DATE: 2008/07/15(火)   CATEGORY: 雨の日のうた
雨の日のうた(6)
 金曜日の放課後。俺は可南子と一緒にCDショップへと向かった。可南子が俺の聴くようなバンドの音楽に興味があるらしい。向かった先は駅の近くにある昔っからのCDショップ。それなりに大きくて品揃えも充分。
「いらっしゃいませー」
 入口のドアを通ると聞き慣れた声が聞こえた。俺はあえて声の主を見ないようにして店内へ入った。
「うわー、CDいっぱいだね」
可南子ははしゃいだ。あまりCDなんて買わない人生だったようだ。だからといって音楽と無縁だったとは断言できない。ラジオだってあるし、音楽は好きだけどCDを買わない人かも。そう願いたい。カラオケでもたくさん歌ってたし。
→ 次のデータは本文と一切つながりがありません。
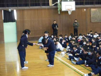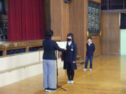 表彰状を渡しました 公開日 2023/12/22 更新日 2023/12/22 お知らせ 上・中:MOA児童作品展で表彰された2名を、学校でも表彰しました。本当におめでとう! 下:代表委員がつくった「自分の目標を達成しよう」という月目標。クラスの全員が自分のたてた目標を達成できたとして、代表委員の人が2年2組と4年2組に表彰状を渡しました!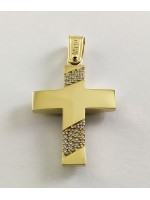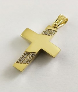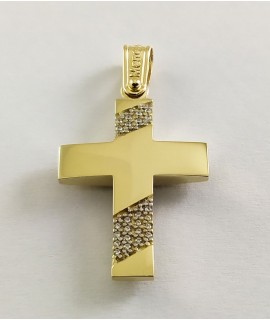 Γυναικείος Σταυρός δημιουργίας "Μενέκου", σε κίτρινο χρυσό 14 καρατίων. Η κύρια όψη του σχηματίζεται από καμπύλες γραμμές, ενώ 2 σειρές από πέτρες ζιργκόν στολίζουν το πάνω μέρος και 4 σειρές από πέτρες ζιργκόν το κάτω μέρος του κάθετου τμήματός του. Γυαλιστερή σατινέ ματ υφή.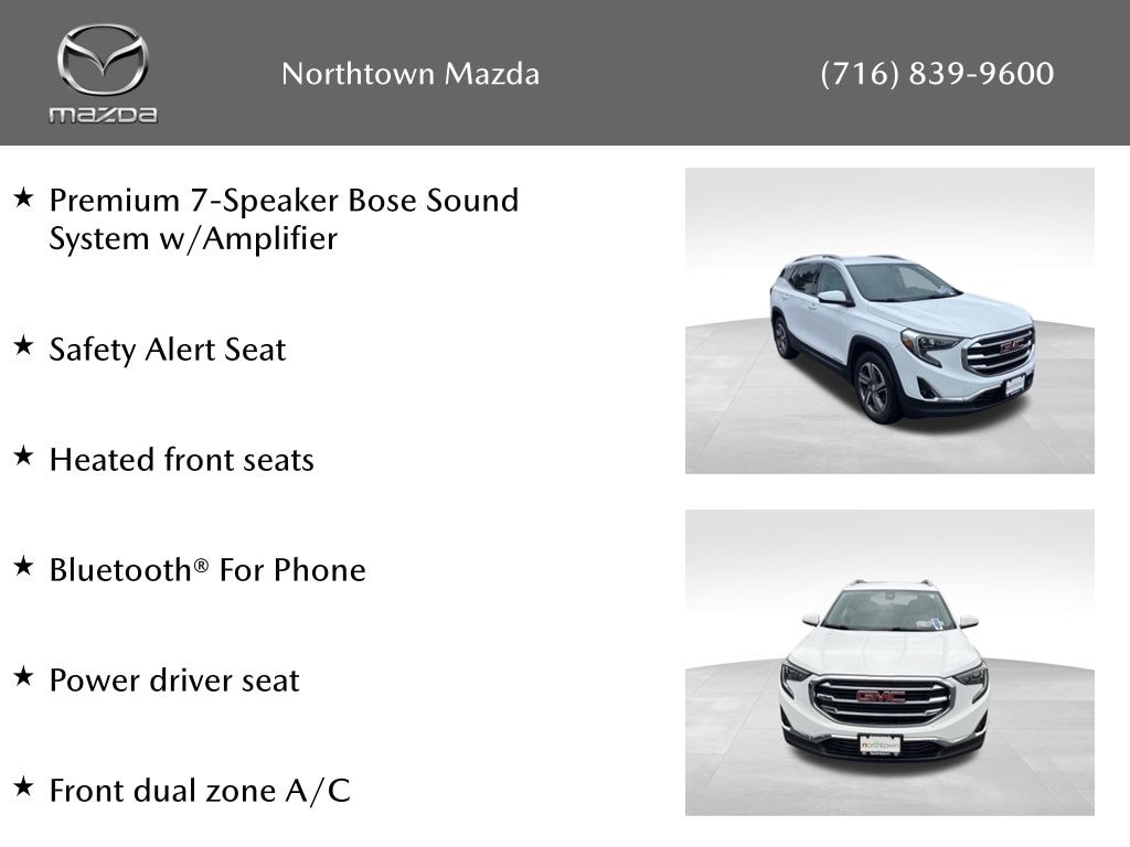 See the rest of our inventory at: NORTHTOWN MAZDA.COM Driver Alert Package I (Adaptive Cruise Control - Camera, Lane Change Alert w/Side Blind Zone Alert, Rear Cross-Traffic Alert, Rear Park Assist, and Safety Alert Seat), Memory Package, Infotainment Package II (Premium 7-Speaker Bose Sound System w/Amplifier, HD Radio, and Radio: GMC Infotainment Audio System w/Navigation), Interior Protection Package (LPO) (All-Weather Cargo Mat (LPO) and All-Weather Floor Mats), License Plate Front Mounting Package, Preferred Equipment Group 4SA, Preferred Package (Heated Steering Wheel, 6-Way Power Front Passenger Seat, Front Passenger 2-Way Power Lumbar, Hands-Free Rear Power Programmable Liftgate, and Universal Home Remote), Apple CarPlay/Android Auto, Bluetooth® For Phone, Exterior Parking Camera Rear, Front dual zone A/C, Heated door mirrors, Heated front seats, Lane Departure Warning System, Power driver seat, 2 USB Data Ports, 2 USB Data Ports w/SD Card Reader, 3.47 Axle Ratio, 4-Way Manual Front Passenger Seat, 4-Wheel Disc Brakes, 6 Speakers, 6-Speaker Audio System Feature, 8-Way Power Driver Seat Adjuster, ABS brakes, Air Conditioning, Alloy wheels, AM/FM radio: SiriusXM, Auto High-beam Headlights, Auto-dimming door mirrors, Auto-dimming Rear-View mirror, Automatic temperature control, Brake assist, Bumpers: body-color, Compass, Delay-off headlights, Driver & Front Passenger Heated Seats, Driver door bin, Driver vanity mirror, Dual front impact airbags, Dual front side impact airbags, Electronic Stability Control, Emergency communication system: OnStar and GMC connected services capable, Four wheel independent suspension, Front & Rear Molded Splash Guards, Front anti-roll bar, Front Bucket Seats, Front Center Armrest, Front fog lights, Front reading lights, Fully automatic headlights, High-Intensity Discharge Headlights, Illuminated entry, Low tire pressure warning, Occupant sensing airbag, Outside temperature display, Overhead airbag, Overhead console, Panic alarm, Passenger door bin, Passenger vanity mirror, Perforated Leather-Appointed Seat Trim, Power door mirrors, Power Driver Lumbar Control, Power steering, Power windows, Radio data system, Radio: GMC Infotainment Audio System w/8" Display, Rear anti-roll bar, Rear seat center armrest, Rear window defroster, Rear window wiper, Remote keyless entry, Roof rack: rails only, Security system, SiriusXM Radio, Speed control, Speed-sensing steering, Split folding rear seat, Spoiler, Steering wheel mounted audio controls, Tachometer, Telescoping steering wheel, Tilt steering wheel, Traction control, Trip computer, Turn signal indicator mirrors, Variably intermittent wipers, and Wheels: 18" x 7" Machined Aluminum w/Gray Accents.

「可南子、めったにCDなんて買わないからあんまりCD屋さんには来たことないんだよね」
 じゃあ、やっぱりラジオ派だ。
「てゆーか、音楽もあんまり聴かないんだけどねっ」
 俺のささやかな期待は裏切られた。まさか可南子が本当に音楽と無縁の人生を歩んできていたとは!! 音楽が無縁の人生なんて考えられない俺としては驚愕の事実。俺なんて音楽と人生を歩んできたようなもんなのに。
「じゃあ、カラオケで歌ってたのは?」
 俺はおそるおそる訊いてみた。
「あれはお母さんが持ってるCDに入ってた曲!」
 どおりで選曲が古いわけだ。納得。カラオケのときに軽くジェネレーションギャップを感じていたのもこれで頷けるわけだ。
「最近の曲は?」
「すこしは知ってるけど、あんまりわかんないかなぁ?」
 大変だ! 俺の好きな曲より最近の曲を聴かせよう!(それでも俺の好きな曲なんだけれども)。俺は店に入ってすぐのところにある新譜コーナーに足を運んだ。
「お探しのCDはおありでしょうか?」
 すっかり忘れていたこの声の人物。
「……」つい黙る俺。
「龍次?」と可南子。
 声の主は俺の背後に立っていた。思い切って俺は振り返った。
「なんでここにいるんだよ、シン」
 振り返った先にはやはりシンの姿。相変わらずにこやかな笑顔。しかもシンはこのCDショップの店員と同じ格好をしている。
「実はここでもバイトしてるんだよね」
 シンは笑顔で可南子を見た。
「こんにちは。お嬢さんは龍次の彼女?」
「うるさいって、シン!」
「別に怒らなくてもいいでしょう?」と可南子は言った。「こんにちは。松本可南子です」
「可南子ちゃん、ね。覚えとくね」
 そう言ってシンは視線を可南子から俺に戻した。
「なんで新しい彼女が出来たのに教えてくれないの?」
「なんで教えなきゃいけないの?」と俺が返す。
「冷たいなぁ。聞いた? 可南子ちゃん。このとおり龍次は冷たい人なんだよ?」
 シンがそう言うと可南子はけらけらと笑った。
「でも優しいとこもあるんですよー」
「どんなところ?」
「実はですね…」
 そうやって可南子は俺と初めて出逢ったときのことを話し始めた。俺と一緒の傘で帰ったあの日のことを。可南子はとても楽しそうに話した。俺はというと、やめてくれ、って感じでその話を聞いていた。シンがにやにやしているのが見なくてもわかる。表ではいつもにこにこしてて気の良さそうな人間だけど、裏ではケン同様に意地悪いやつ。というか俺をいじめるのが好きなように思える。それもケンと同じ。
「龍次ってば優しいねぇ」
 シンは一層にっこりと笑いながら言った。心の奥では、きみにもそんな一面があったんだね、と言っているはずだ。